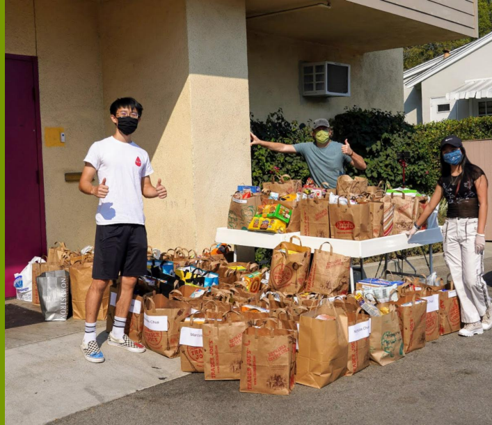
Our thanks to San Marino High School Red Cross Club for running a food drive!
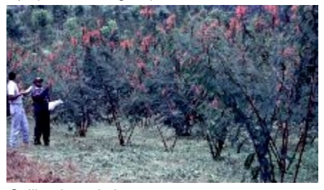
Calliandra calothyrsus: Fodder bank: Farmer with Calliandra row in Embu, Kenya.
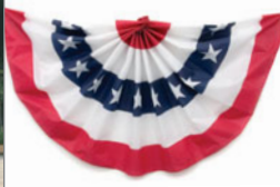
1976 Youth Consulting Board formed (now Youth Leadership Council)
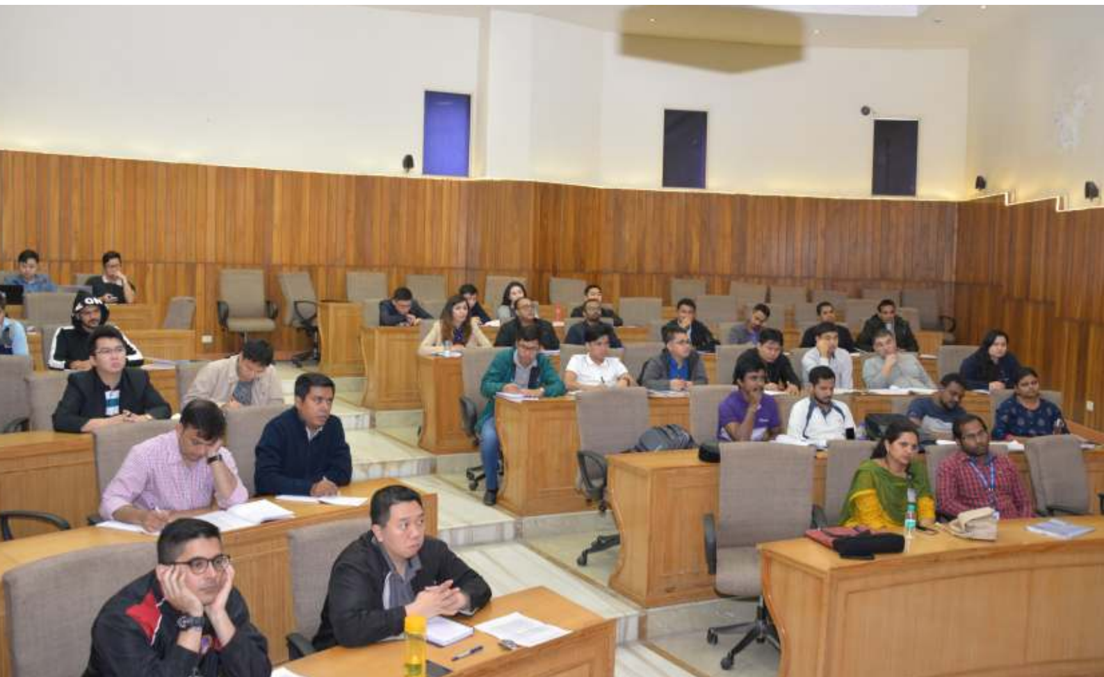
SSM 2018 course participants in classroom

Selected participants will be intimated by email and a formal letter.
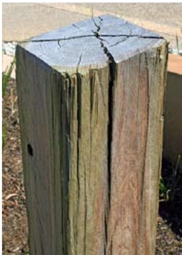
Standard 200x200 recycled

Last month, when I sent out the newsletter (via email), I did the unthinkable, I attached the wrong file. You received an earlier version of the September Newsletter which was much shorter than the one I planned to send. Rather than burden you with a second September Newsletter I thought it better to "burden" you with a longer one in October. The beauty of the hyperlinks is that you only need look at what interests you.
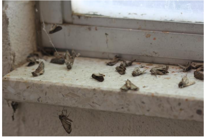
Aggregations of dead miller moths collect around windows and behind walls.

(It should be noted that some people are very discomforted by the presence of moths in a home. In extreme cases this may develop into a phobia ( mottephobia ) that can lead to disruptions in sleep, agitation, and other conditions that can interfere with normal functioning.)
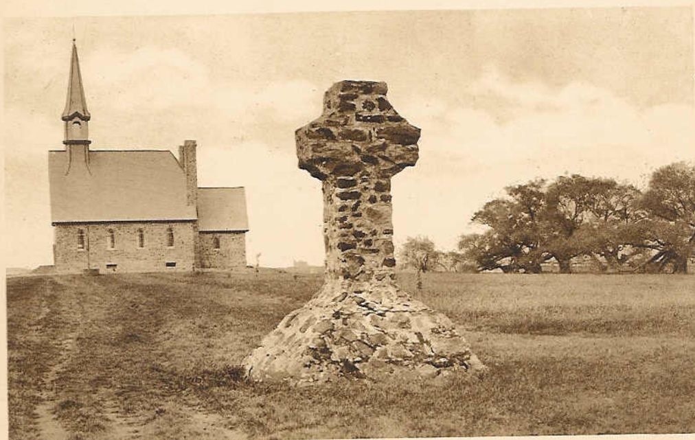
ACADIAN MONUMENT, CHURCH & WILLOWS, GRAND PRE, N.S.

FARTHER DOWN, ON THE SLOPE OF THE HILL, WAS THE WELL WITH ITS MOSS GROWN BUCKET, FASTENED WITH IRON AND NEAR IT A TROUGH FOR THE HORSES.
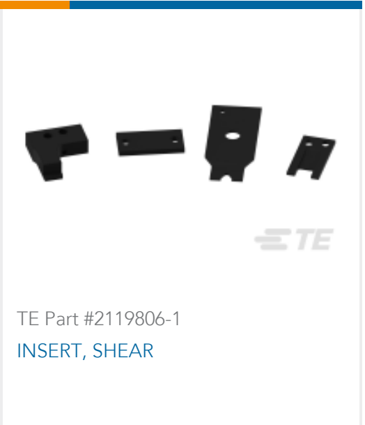
TE Part #2119806-1 INSERT, SHEAR
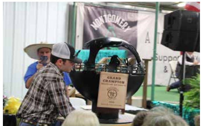
Tommy's Paint and Body Jr. Non-Livestock Show Awards
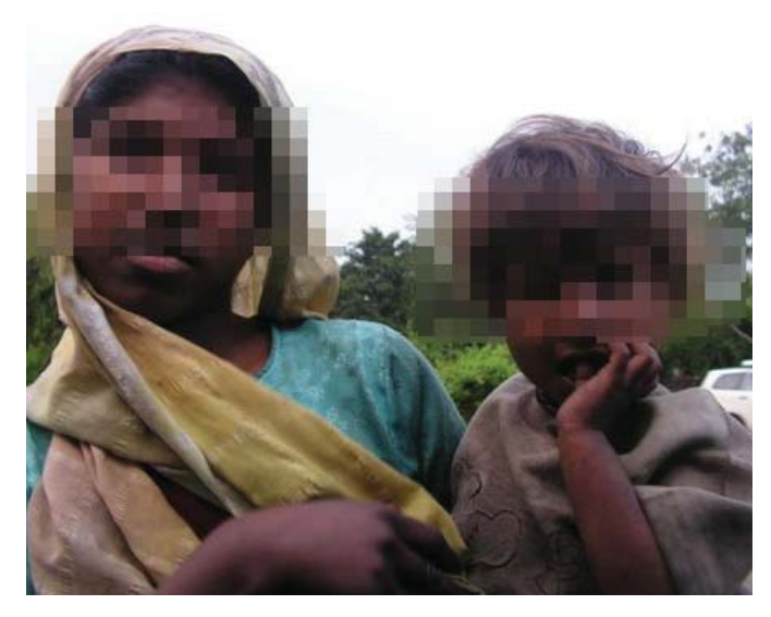
Above and top: Begging on the streets of India.
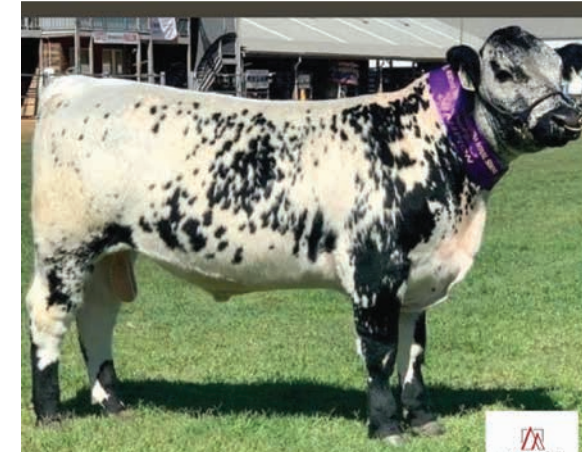
K247 Riddler R07 Toowoomba Royal Junior Champion Bull Calf 2021
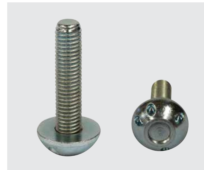
28mm Stainless Steel Barri Bolt
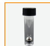
#2240-PC - 5 mL Polycarbonate Vial
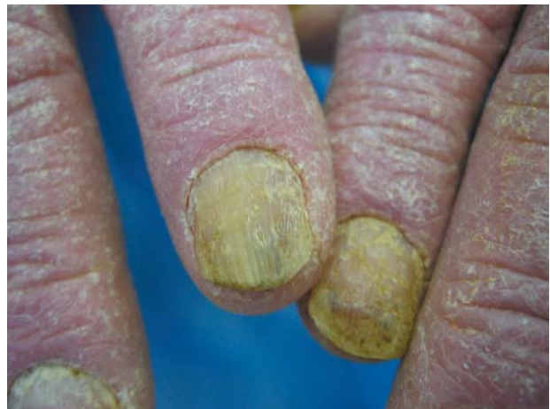
Figure 5 Nail plates in a patient with psoriasis. They are thickened, dystrophic, and show orange-yellow areas (oil spots).

everyday disability leading to depression and suicidal ideation in more than 5% of patients. 28
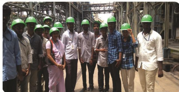
An Industrial Visit to “M/s Mettur Thermal Power Station, Mettur by Third year students on 1 st and 5 th September 2018.

III ECE A and B section students have gone for industrial visit to Mettur Thermal Power Station, Mettur on 1 st and 5 th September 2018 respectively.
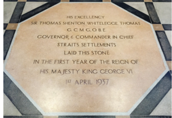
Time capsule at former Supreme Court
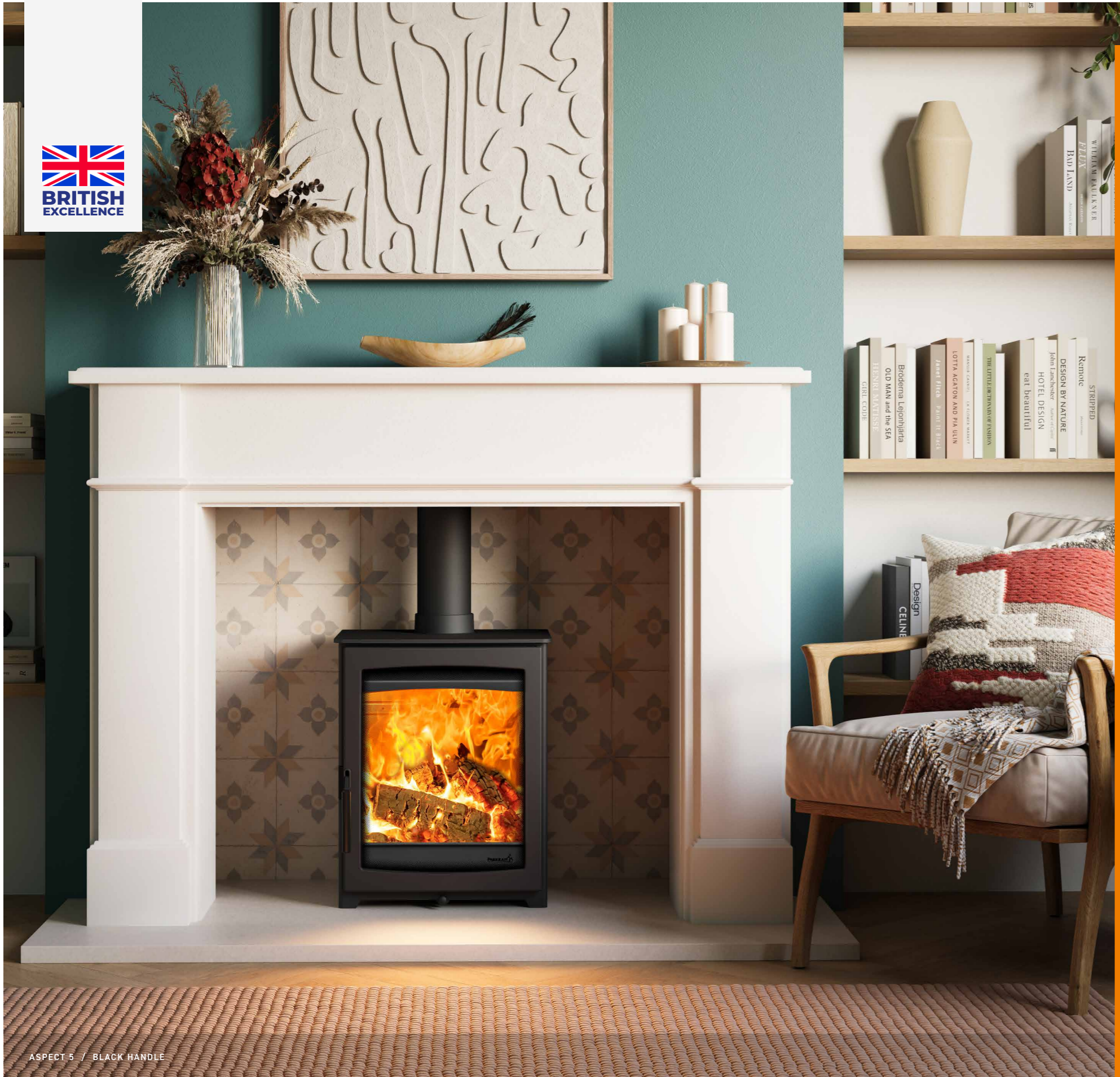
ASPECT 5 / BLACK HANDLE

+ + + +

● Work item:
In your reply, please set down exactly the lines from the one containing "Time capsule at former Supreme Court" through the end of the records, with the pictures left out.

● Answer for the task:
Time capsule at former Supreme Court
ASPECT 5 / BLACK HANDLE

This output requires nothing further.